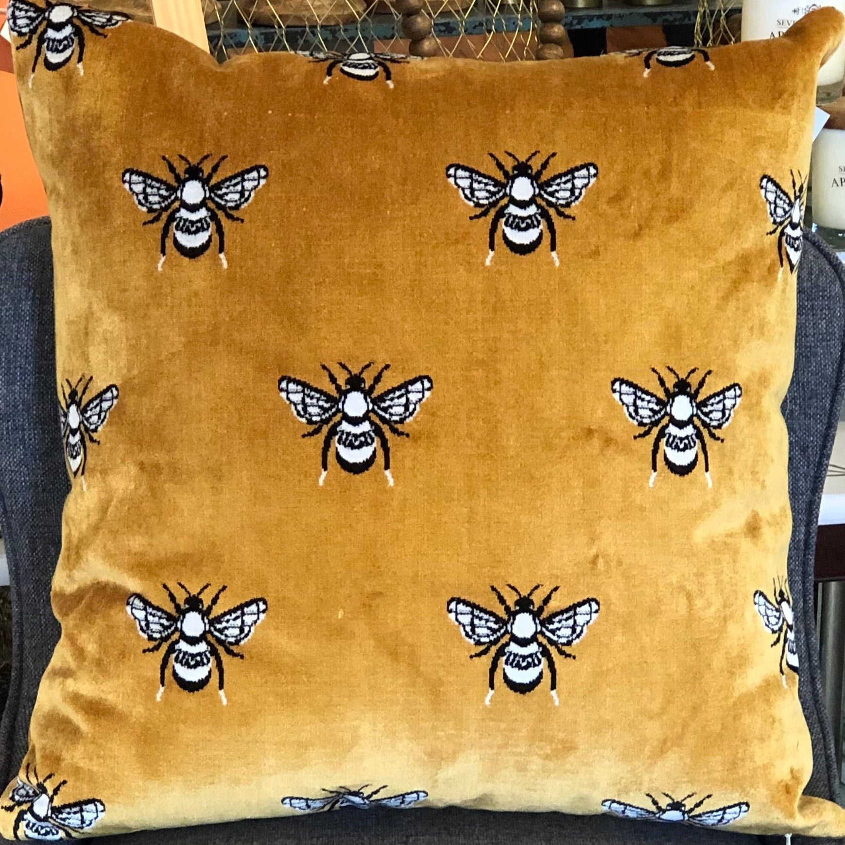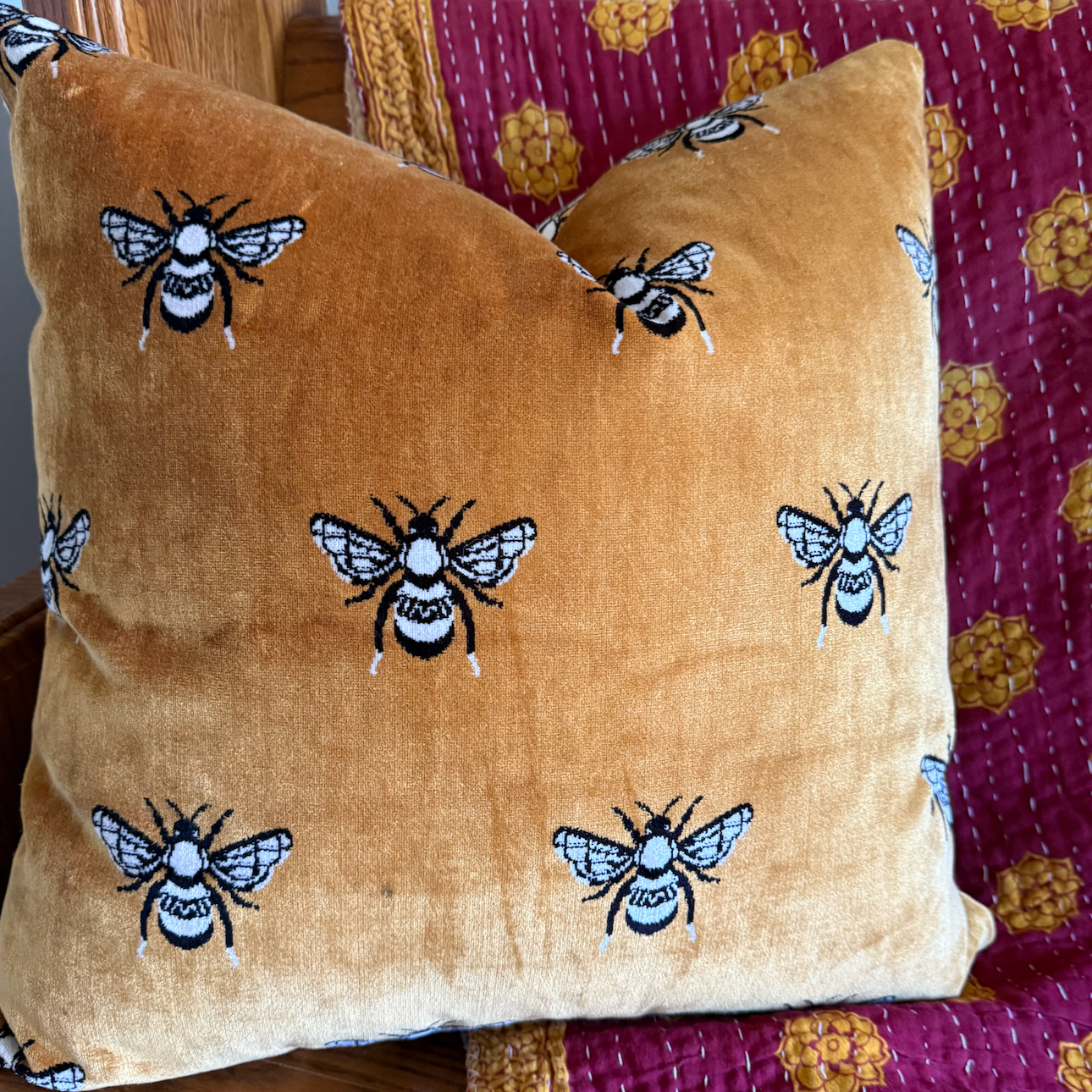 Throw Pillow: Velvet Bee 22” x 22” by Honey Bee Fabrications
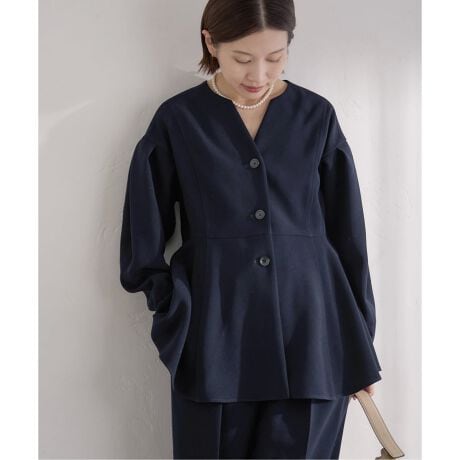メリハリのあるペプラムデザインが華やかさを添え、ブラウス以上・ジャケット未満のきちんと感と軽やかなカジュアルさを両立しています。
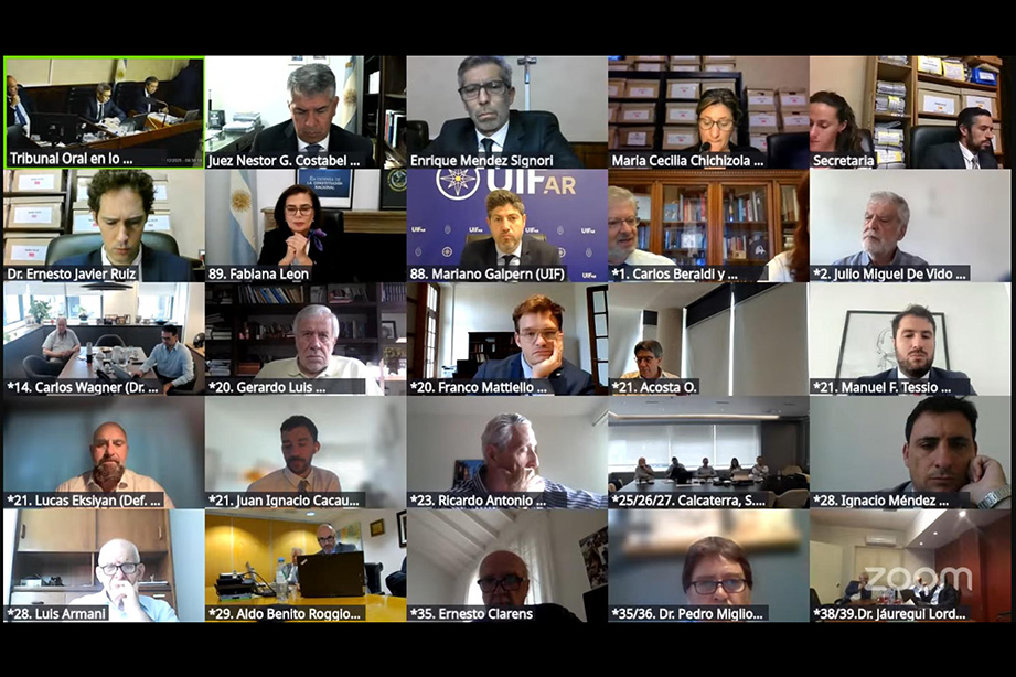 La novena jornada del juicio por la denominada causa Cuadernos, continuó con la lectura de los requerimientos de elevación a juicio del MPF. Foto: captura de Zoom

■ **Your goal**:
From the first line to the last, repeat the listing exactly and skip its images.

■ **Completed task**:
 Throw Pillow: Velvet Bee 22” x 22” by Honey Bee Fabrications
メリハリのあるペプラムデザインが華やかさを添え、ブラウス以上・ジャケット未満のきちんと感と軽やかなカジュアルさを両立しています。
 La novena jornada del juicio por la denominada causa Cuadernos, continuó con la lectura de los requerimientos de elevación a juicio del MPF. Foto: captura de Zoom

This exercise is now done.